How Student Life Experience Data Supports Student Voice
While offering choices informed by student interest data is efficient, cocreating choices with students can lead to rich personalized learning opportunities by including student voice. For example, give students a voice to present their own option for a task. Preview units for key lesson activities and important assignments. Identify which ones should be adapted or modified by students for greatest learning impact. Before launching the activity or assignment, meet with some students to cocreate an adaptation that best suits their needs. It’s not necessary to meet with every student.

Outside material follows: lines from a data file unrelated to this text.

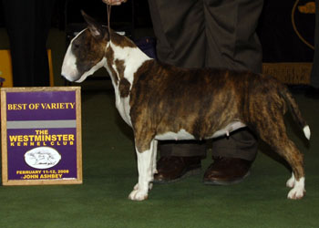 I don’t care if you care or not, but tonight and tomorrow I’ll be glued to the Westminster Kennel Club 2008 Dog Show.  Clio didn’t enter, so I won’t be rooting for her obviously, but Ch Paradox Muse-Ic To My Ears just won Best of Breed in the Bull Terrier colored department, and this dog’s a beauty!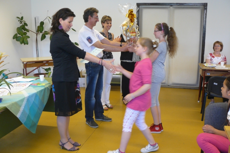 Ezt követően lelkesen tértek vissza a Tanácsterembe, majd egy kis frissítő és rágcsálnivaló elfogyasztása után következett a várva várt eredmények kihirdetése. Az KRESZ-tesztekben szerzett pontszámok, a gyermekek rajzai, valamint az ügyességi pályán nyújtott teljesítmény alapján állítottuk fel a helyezéseket. Az első három helyezett család ajándékkosarat kapott ajándékba, de a többiek is édességekkel és egy oklevéllel gazdagodtak.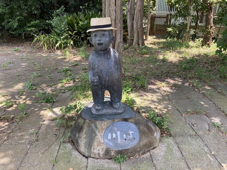 遊歩道の脇に、見所ポイント8の「川は」像が建っています。子供の恰好をしていますが、何を言いたいのかよく分かりません。手の平に持っているのは蛙かな?

What’s fair in academics is not always equal. Review achievement data to identify students who would benefit most from addressing gaps in skills or concepts, as well as those who would gain most from a more in-depth learning experience. These students are the ones to target on a regular basis. All students can benefit from personalized learning. However, if time is an obstacle, focus only on the ones who need it the most.
Keeping the End in Mind
When cocreating with students, keep the end of the learning objective in mind. Communicate the required learning expectations so that students understand the framework they’ll work within and so that their ideas can best align with it. Tools include criteria checklists, rubrics, and learning contracts.

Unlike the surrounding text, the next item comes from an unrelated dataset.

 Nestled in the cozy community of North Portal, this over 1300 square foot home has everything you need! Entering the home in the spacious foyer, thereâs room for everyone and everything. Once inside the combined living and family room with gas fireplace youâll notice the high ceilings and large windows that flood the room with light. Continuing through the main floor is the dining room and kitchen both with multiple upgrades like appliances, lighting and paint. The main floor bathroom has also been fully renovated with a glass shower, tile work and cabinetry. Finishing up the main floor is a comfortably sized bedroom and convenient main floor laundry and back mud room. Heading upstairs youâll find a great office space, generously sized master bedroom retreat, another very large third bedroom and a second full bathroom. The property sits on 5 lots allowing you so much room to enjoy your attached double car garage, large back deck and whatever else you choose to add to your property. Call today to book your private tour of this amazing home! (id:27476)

Intentional differentiation is an essential response to learner needs, whether it is students who struggle with mastering concepts and skills, or those who pace ahead of lesson expectations. All students deserve the opportunity to grow to close learning gaps and exceed expectations throughout the entire school year. When we commit the time to review the relevant data points about our students, the constructed and adapted lesson activities best align to their needs.
Not analyzing data about students’ current progress is like wearing a blindfold while crossing a busy intersection: You’re much more likely to get where you want to go when you can see where you are. Intentional differentiation informed by learner data helps students to move at the pace that best suits their learning needs at that given time—and makes achievement more predictable.